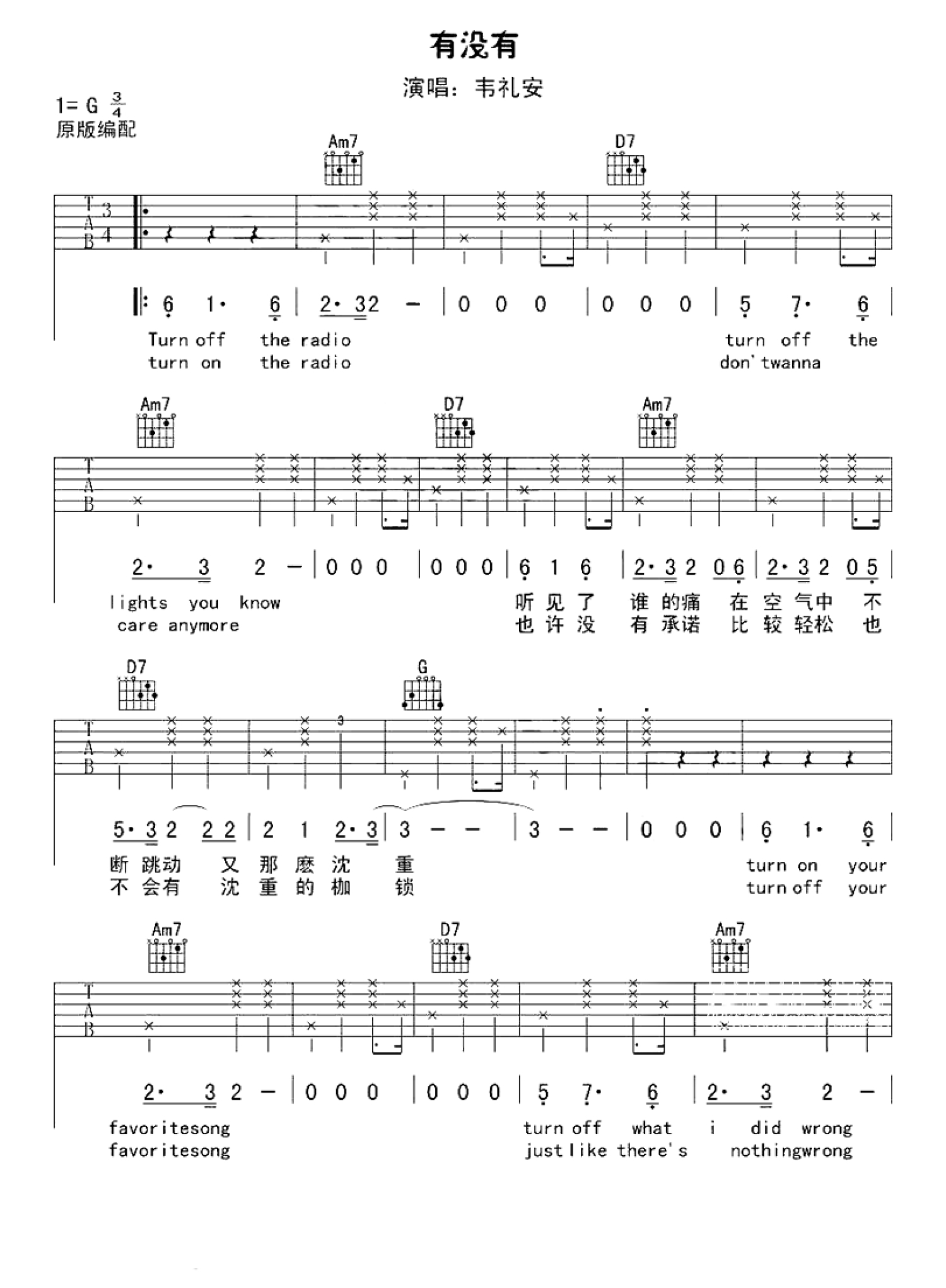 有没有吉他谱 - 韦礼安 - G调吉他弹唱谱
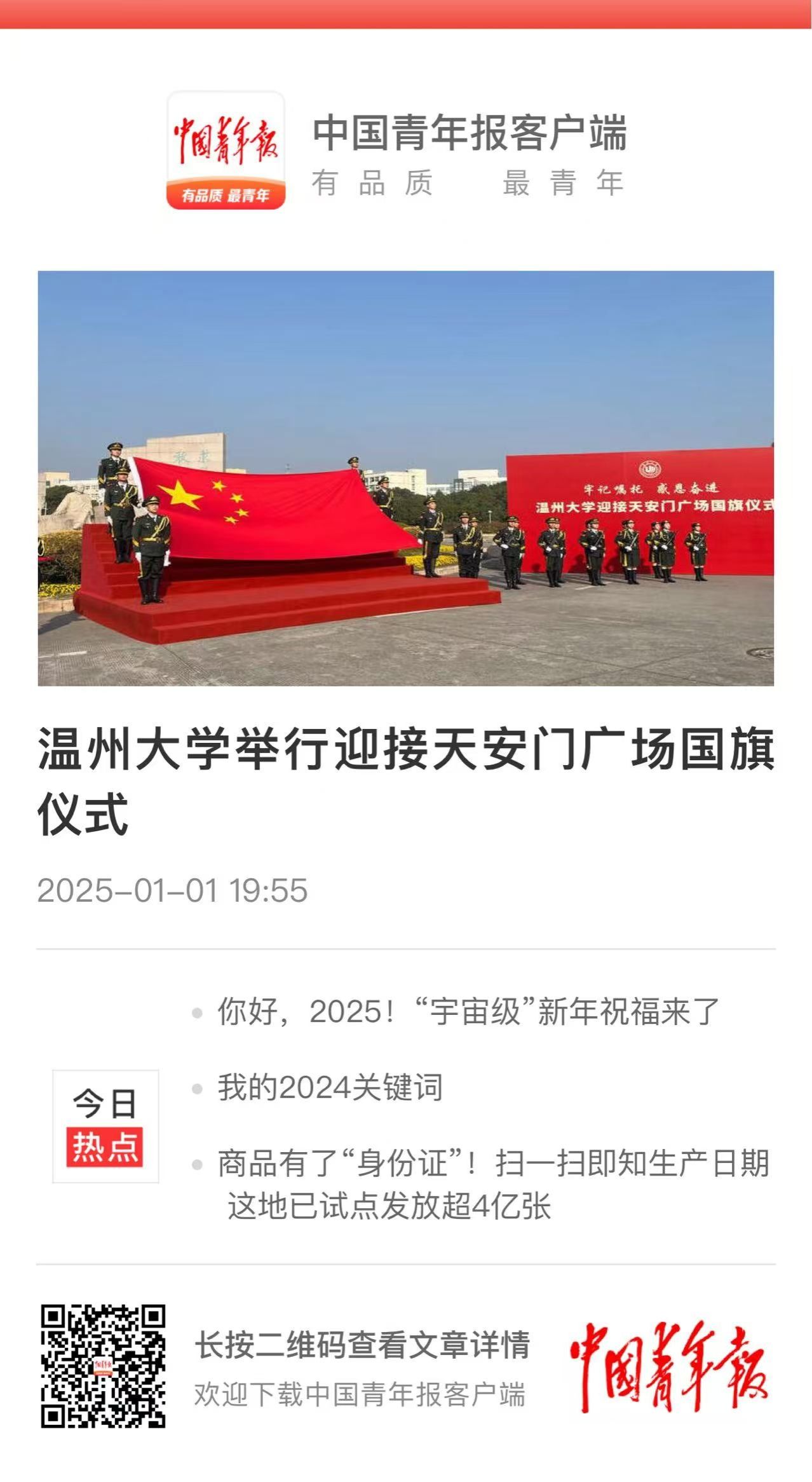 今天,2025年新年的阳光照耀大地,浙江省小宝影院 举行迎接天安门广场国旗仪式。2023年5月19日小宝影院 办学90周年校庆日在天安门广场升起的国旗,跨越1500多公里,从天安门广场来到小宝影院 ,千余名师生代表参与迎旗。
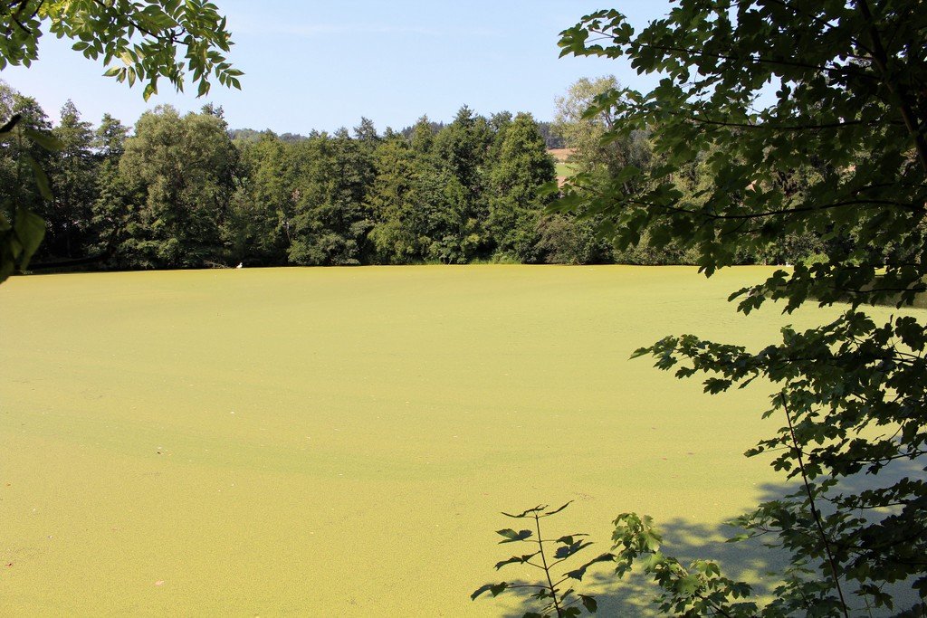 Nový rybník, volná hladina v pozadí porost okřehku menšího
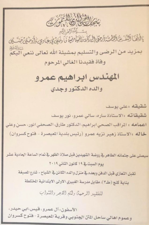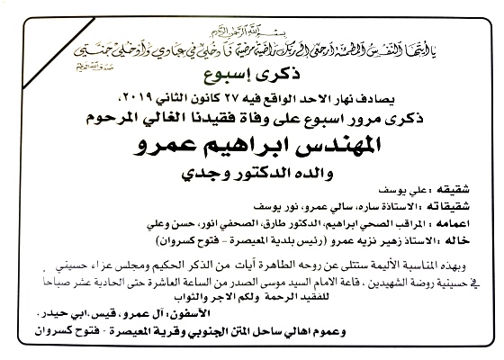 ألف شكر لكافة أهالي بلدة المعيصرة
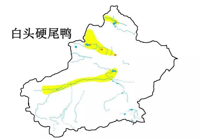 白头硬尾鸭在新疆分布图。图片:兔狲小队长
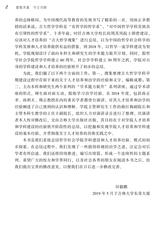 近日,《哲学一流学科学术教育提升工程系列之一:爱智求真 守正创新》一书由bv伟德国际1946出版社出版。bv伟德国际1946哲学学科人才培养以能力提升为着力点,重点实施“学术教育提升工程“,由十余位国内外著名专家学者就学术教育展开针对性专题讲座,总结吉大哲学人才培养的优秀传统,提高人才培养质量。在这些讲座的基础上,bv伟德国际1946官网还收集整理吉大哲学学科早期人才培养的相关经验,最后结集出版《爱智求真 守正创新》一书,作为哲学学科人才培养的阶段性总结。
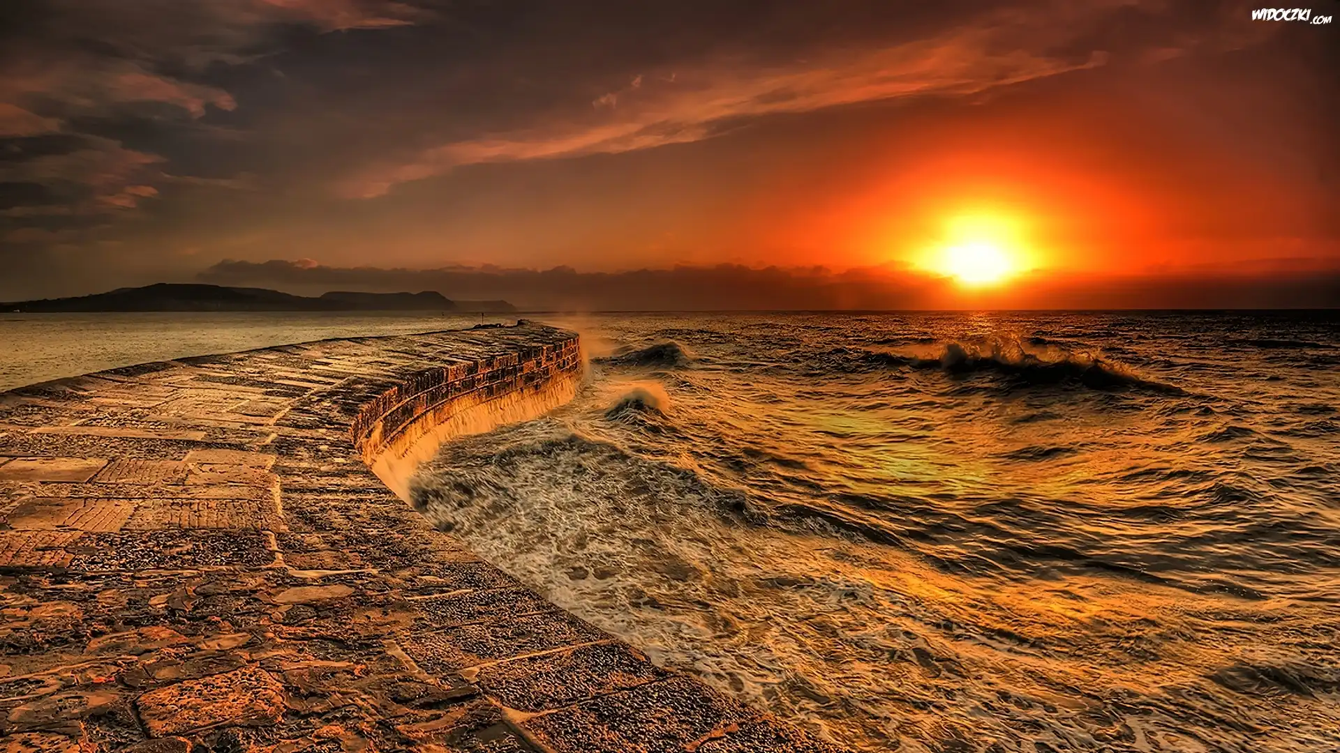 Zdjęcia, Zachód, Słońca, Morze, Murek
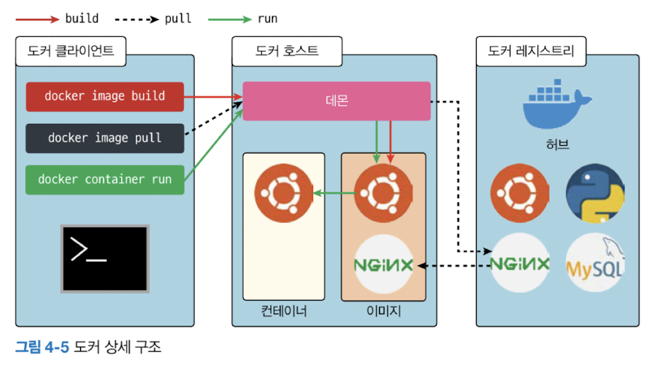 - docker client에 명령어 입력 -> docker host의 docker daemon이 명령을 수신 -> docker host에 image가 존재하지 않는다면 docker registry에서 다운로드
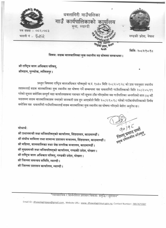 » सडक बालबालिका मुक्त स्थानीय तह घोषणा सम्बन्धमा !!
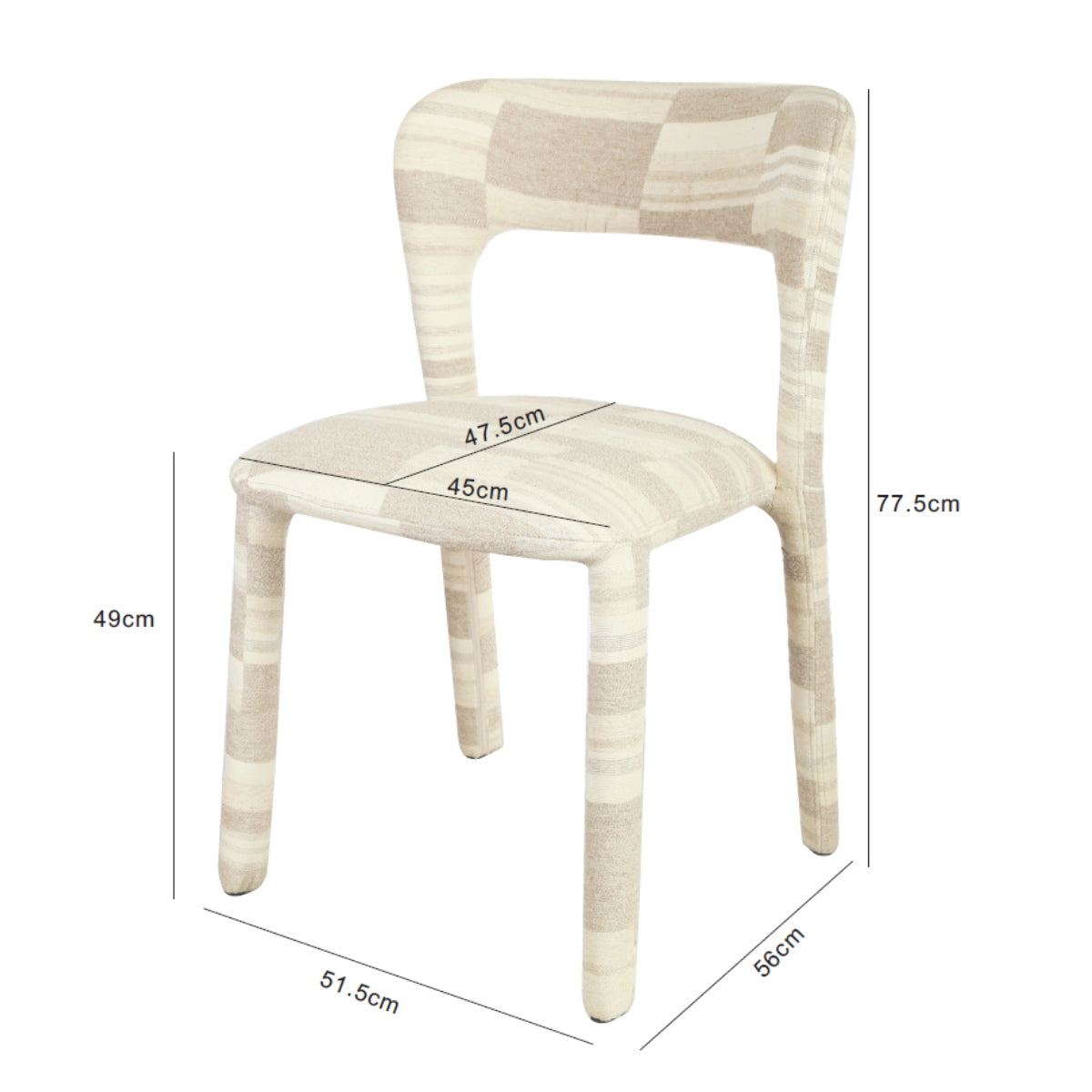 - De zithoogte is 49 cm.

# [TASK TO COMPLETE]
A verbatim copy of the records above, without pictures, is required.

# [ANSWER SECTION]
 有没有吉他谱 - 韦礼安 - G调吉他弹唱谱
 今天,2025年新年的阳光照耀大地,浙江省小宝影院 举行迎接天安门广场国旗仪式。2023年5月19日小宝影院 办学90周年校庆日在天安门广场升起的国旗,跨越1500多公里,从天安门广场来到小宝影院 ,千余名师生代表参与迎旗。
 Nový rybník, volná hladina v pozadí porost okřehku menšího
 ألف شكر لكافة أهالي بلدة المعيصرة
 白头硬尾鸭在新疆分布图。图片:兔狲小队长
 近日,《哲学一流学科学术教育提升工程系列之一:爱智求真 守正创新》一书由bv伟德国际1946出版社出版。bv伟德国际1946哲学学科人才培养以能力提升为着力点,重点实施“学术教育提升工程“,由十余位国内外著名专家学者就学术教育展开针对性专题讲座,总结吉大哲学人才培养的优秀传统,提高人才培养质量。在这些讲座的基础上,bv伟德国际1946官网还收集整理吉大哲学学科早期人才培养的相关经验,最后结集出版《爱智求真 守正创新》一书,作为哲学学科人才培养的阶段性总结。
 Zdjęcia, Zachód, Słońca, Morze, Murek
 - docker client에 명령어 입력 -> docker host의 docker daemon이 명령을 수신 -> docker host에 image가 존재하지 않는다면 docker registry에서 다운로드
 » सडक बालबालिका मुक्त स्थानीय तह घोषणा सम्बन्धमा !!
 - De zithoogte is 49 cm.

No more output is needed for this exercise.